La cour retient l’absence de cause réelle et sérieuse en raison des contradictions de la procédure employeur. Elle relève que la lettre de licenciement évoque une rupture conventionnelle et qu’une attestation corrobore l’existence d’un accord entre les parties. Le juge applique le principe selon lequel « les motifs énoncés par l’employeur dans la lettre de licenciement fixent les termes et les limites du litige ». L’employeur ayant lui-même introduit l’idée d’une rupture concertée, il ne peut ensuite fonder valablement un licenciement disciplinaire sur des griefs distincts. La solution rappelle l’importance de la cohérence de la démarche de l’employeur. Toute ambiguïté dans les motifs ou la procédure est interprétée au détriment de ce dernier, conformément à l’adage *in dubio pro operario*. La cour exerce ainsi son contrôle souverain sur la matérialité et la pertinence des faits allégués. Elle vérifie leur exactitude et leur suffisance pour justifier une rupture. En l’espèce, le flou entretenu par l’employeur vicie la cause du licenciement. Cette rigueur procédurale protège le salarié contre les revirements stratégiques de l’employeur en cours de conflit.

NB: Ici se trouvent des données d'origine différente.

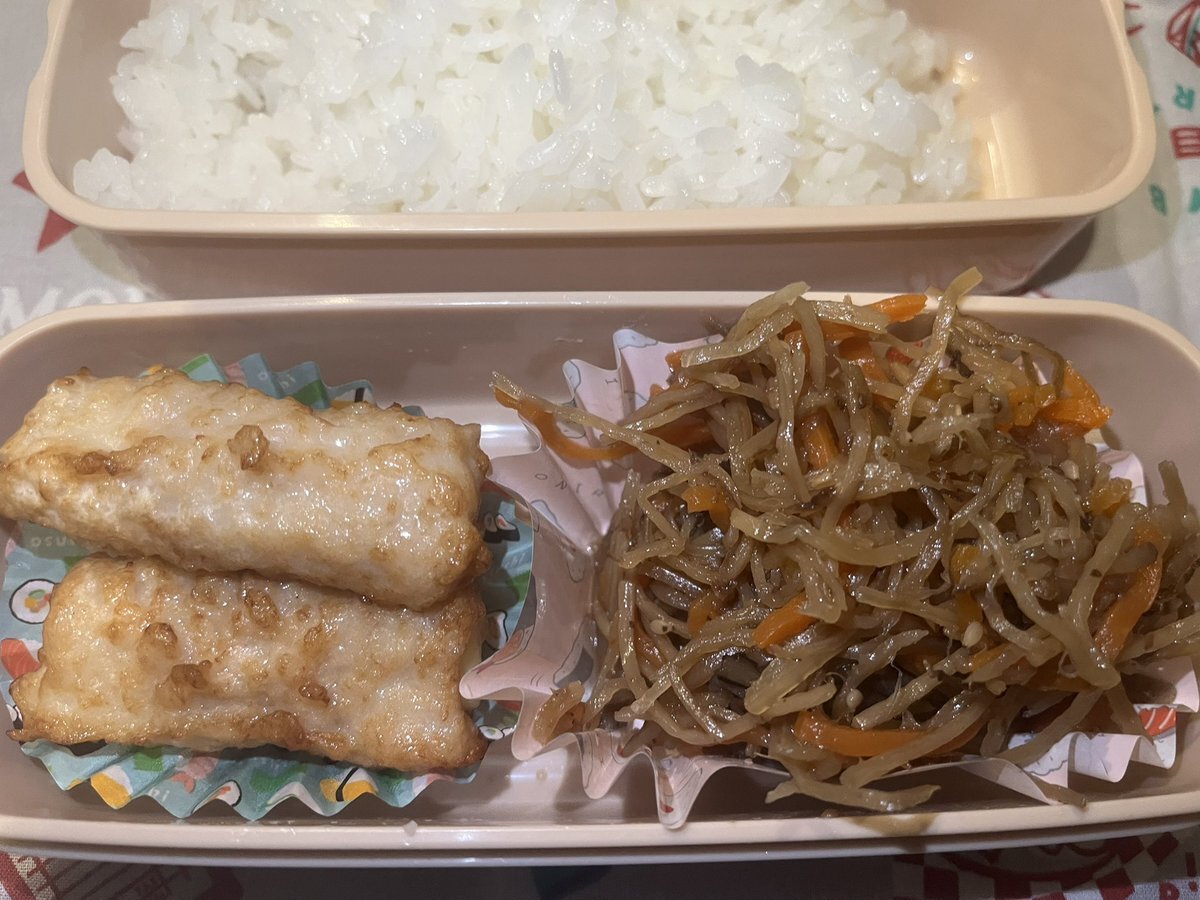 お〜はようございまっす🤩 珍しく2人分のみ🎶 今日も晴れてんな😊☀️ 口角上げて別嬪さんでいこっ☝️❤ 🌿チーズ入り竹輪 焼肉タレ焼き 🌿ひじき煮物 🌿人参 うちのピーマンきんぴら 🌿オカヒジキ 和え物 #高校生弁当 #社会人弁当 #お弁当記録 pic.x.com/nIrT7O39XU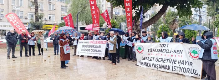 2021 Tüm Emekli Sen Mersin Şubesi üyeleri yağmur ve soğuk havaya rağmen merkez Akdeniz ilçesindeki Özgür Çocuk Parkında bir araya gelerek, talepleri için bir kez daha iktidara seslendi. “Sefalet ücretine hayır insanca yaşamak istiyoruz” pankartı açarak bir basın açıklaması yapan emeklileri emek ve demokrasi güçleri de yalnız bırakmadı.

La réformation du quantum des indemnités illustre la marge d’appréciation du juge du fond. La cour augmente l’indemnité pour licenciement abusif et précise le calcul des sommes dues. Elle prend en compte l’ancienneté, l’âge du salarié et la rapidité du retour à l’emploi. Le juge opère une pondération entre le préjudice subi et les circonstances atténuantes. Il rejette en revanche la demande de rappel de salaire pour la période précédant le licenciement, estimant que le contrat était suspendu pour arrêt maladie. Cette modulation démontre le pouvoir souverain d’appréciation des juges sur le préjudice. Ils ne se contentent pas d’appliquer un barème mais individualisent la réparation. Cette approche concrète peut toutefois générer une insécurité juridique pour les parties. L’absence de critères légaux stricts laisse une large place à l’appréciation subjective. La décision montre aussi les limites de la réparation : le préjudice moral ou financier est indemnisé, mais le juge écarte les demandes non justifiées par l’état du rapport contractuel. La portée de l’arrêt est ainsi double. Il réaffirme une exigence de clarté procédurale absolue pour l’employeur. Il confirme également la nature éminemment factuelle de l’appréciation du préjudice, qui relève de l’office des juges du fond.